§ **What to do**
Write out nothing but the lines from the first line of the entries below through the line with "این محصول دارای"; no pictures go in.

(Beginning of Source material)

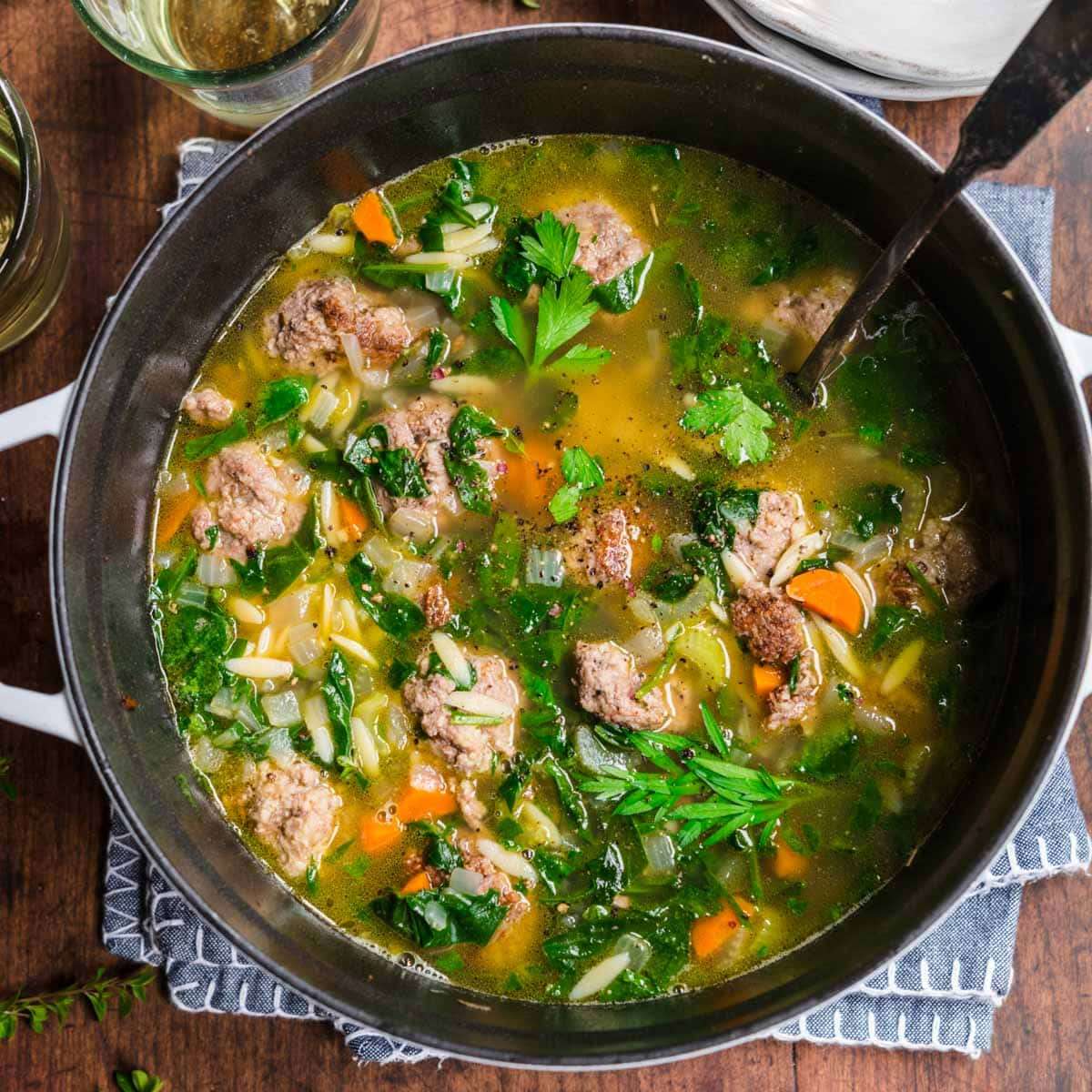 Italian Wedding Soup is a cozy soup recipe for fall! Classic soup with homemade meatballs, orzo pasta, and escarole in a savory broth.
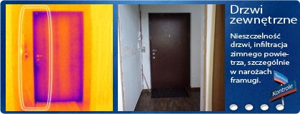Na zdjęciu poniżej widać mostek termiczny na obrzeżach framugi drzwi. Problem strat ciepła związany jest najczęściej z zużyciem uszczelek
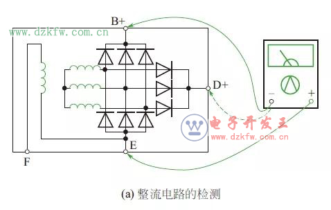 將數字式(萬用表)置于二極管擋或機械式萬用表電阻擋,如下圖所示,紅表筆接發電機“E”端,黑表筆接“B+”或“D+”,讀數應小于1V。如果讀數為0 或∞,說明整流器損壞;交換表筆,讀數應為∞,否則也表明整流器損壞。
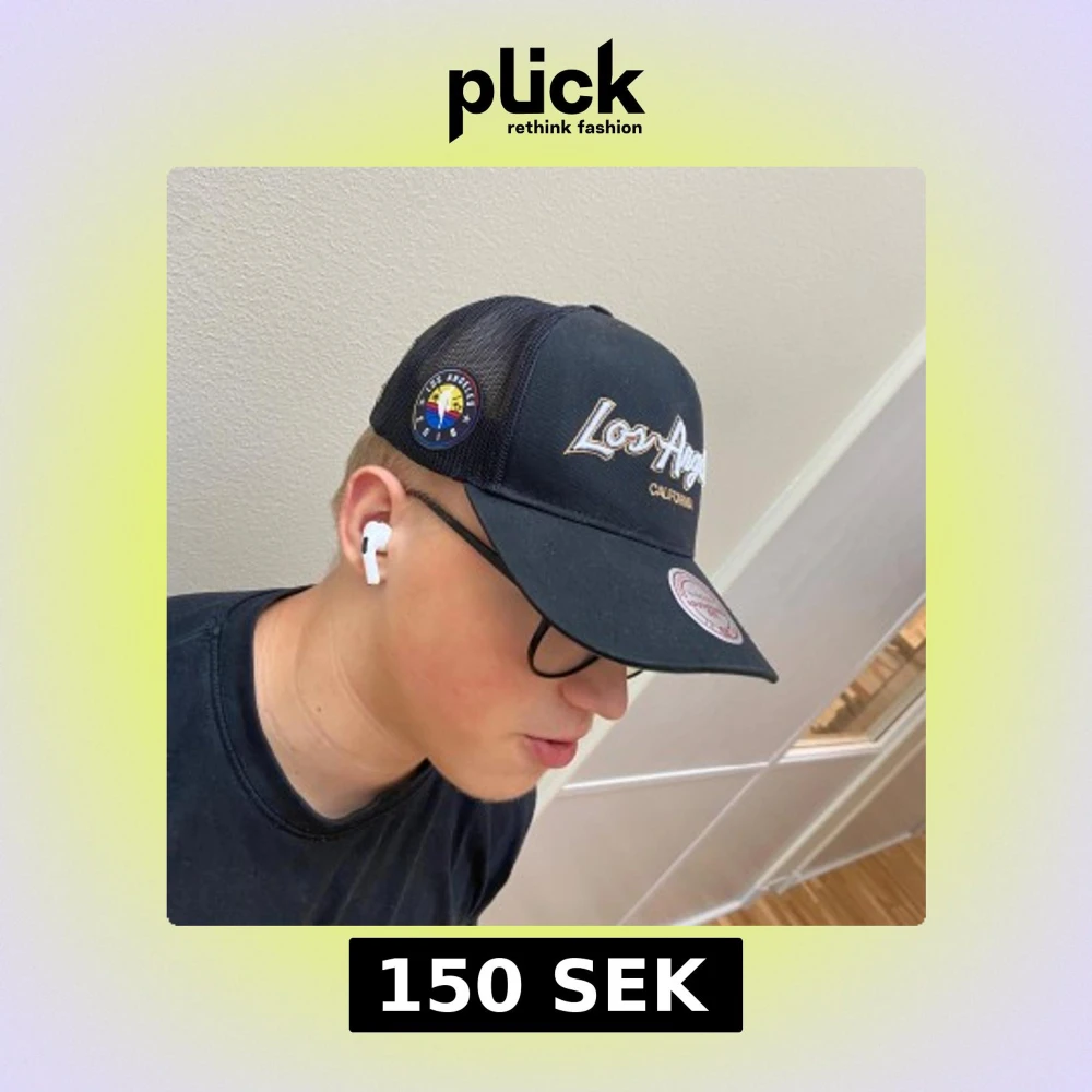 Snygg svart keps från Mitchell & Ness med broderad Los Angeles-text framtill och justerbar snapback baktill. Kepsen har nät på sidorna och baktill och flera broderade patches, bland annat NBA-logga och färgglad Los Angeles-patch. Skärmen är grön undertill. Kepsen är dock lite solblekt vilket du ser på sista bilden men syns inte sålänge klistermärkerna sitter kvar.
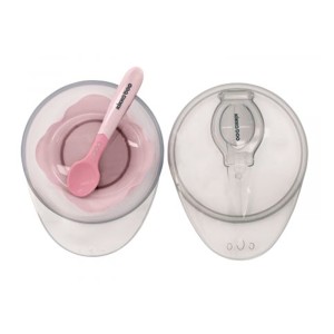 این محصول دارای یک قاشق با سری سیلیکونی نرم است و دسته ی آن ضدلغزش میباشد. روی درب ظرف یک محفظه ی کوچیک برای نگهداری از قاشق وجود دارد.
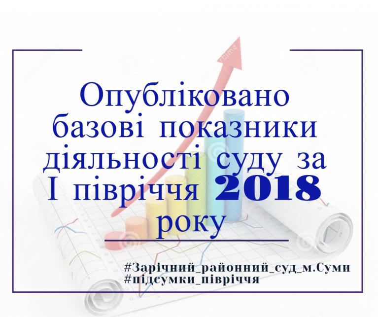 Зарічний районний суд м. Суми інформує, що на веб-сайті суду в розділі «Показники діяльності» - «Судова статистика» розміщенні базові показники роботи суду за перше півріччя 2018 року, які можна переглянути за наступним посиланням: https://zr.su.court.gov.ua/sud1805/pokazniki-diyalnosti/sydstat/2018.
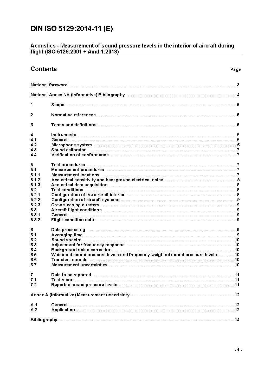 Akustik - Messung des Schalldruckpegels in Luftfahrzeugen während des Fluges (ISO 5129:2001)
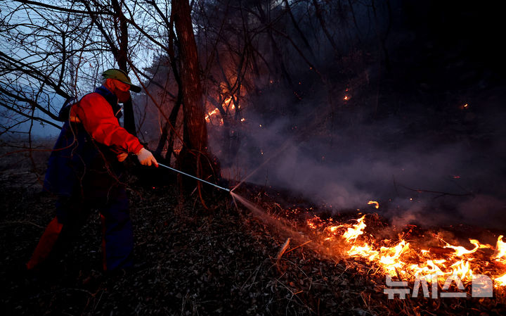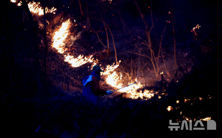 의성 산불, 헬기 철수 후 이틀째 야간 진화 [뉴시스Pic]
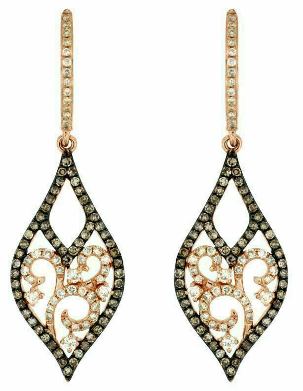 14KT ROSE GOLD HANGING EARRINGS. 3D OPEN FILIGREE TEAR DROP DESIGN. WHITE DIAMONDS ARE F/G COLOR, VSSI CLARITY .40 CARATS. CHOCOLATE FANCY DIAMONDS ARE .48 CARATS. WRITTEN APPRAISAL AVAILABLE. COMES IN A PRESENTABLE GIFT BOX.
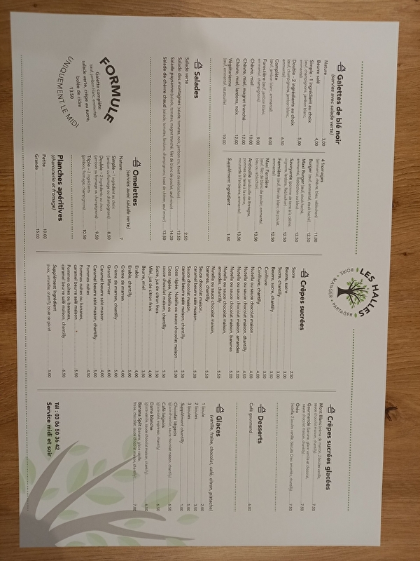 - A la carte : Compris entre 2.5€ et 8€ (Crêpes sucrées)
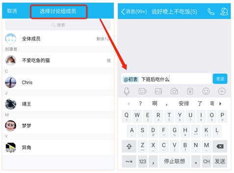讨论组成员只要在文字栏输入“@”,将会自动触发【选择成员】选项,点击对象,就可以实现将消息发送给对方,即使在消息杂乱的群里,也能实现精准处达。
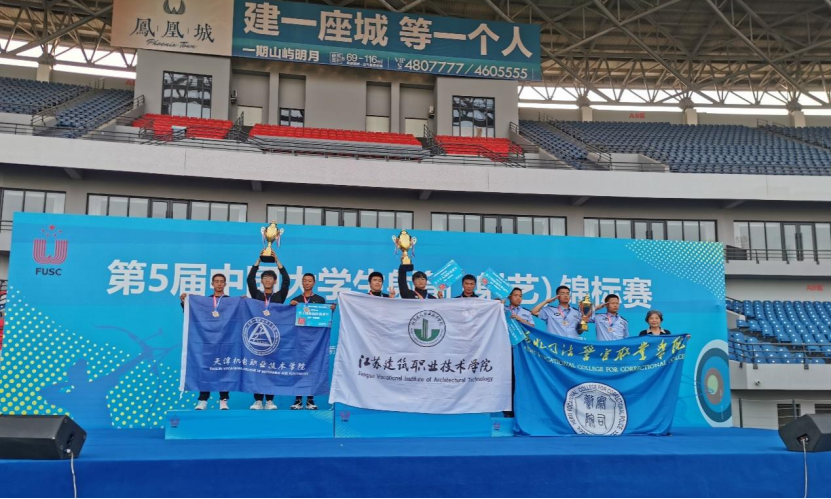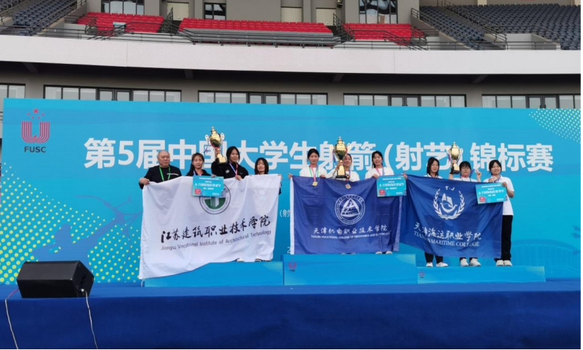 (上图为传统弓高职组男子团体淘汰赛第一名颁奖仪式)

(End of Source material)

§ **Answer for this exercise**
 Italian Wedding Soup is a cozy soup recipe for fall! Classic soup with homemade meatballs, orzo pasta, and escarole in a savory broth.
Na zdjęciu poniżej widać mostek termiczny na obrzeżach framugi drzwi. Problem strat ciepła związany jest najczęściej z zużyciem uszczelek
 將數字式(萬用表)置于二極管擋或機械式萬用表電阻擋,如下圖所示,紅表筆接發電機“E”端,黑表筆接“B+”或“D+”,讀數應小于1V。如果讀數為0 或∞,說明整流器損壞;交換表筆,讀數應為∞,否則也表明整流器損壞。
 Snygg svart keps från Mitchell & Ness med broderad Los Angeles-text framtill och justerbar snapback baktill. Kepsen har nät på sidorna och baktill och flera broderade patches, bland annat NBA-logga och färgglad Los Angeles-patch. Skärmen är grön undertill. Kepsen är dock lite solblekt vilket du ser på sista bilden men syns inte sålänge klistermärkerna sitter kvar.
 این محصول دارای یک قاشق با سری سیلیکونی نرم است و دسته ی آن ضدلغزش میباشد. روی درب ظرف یک محفظه ی کوچیک برای نگهداری از قاشق وجود دارد.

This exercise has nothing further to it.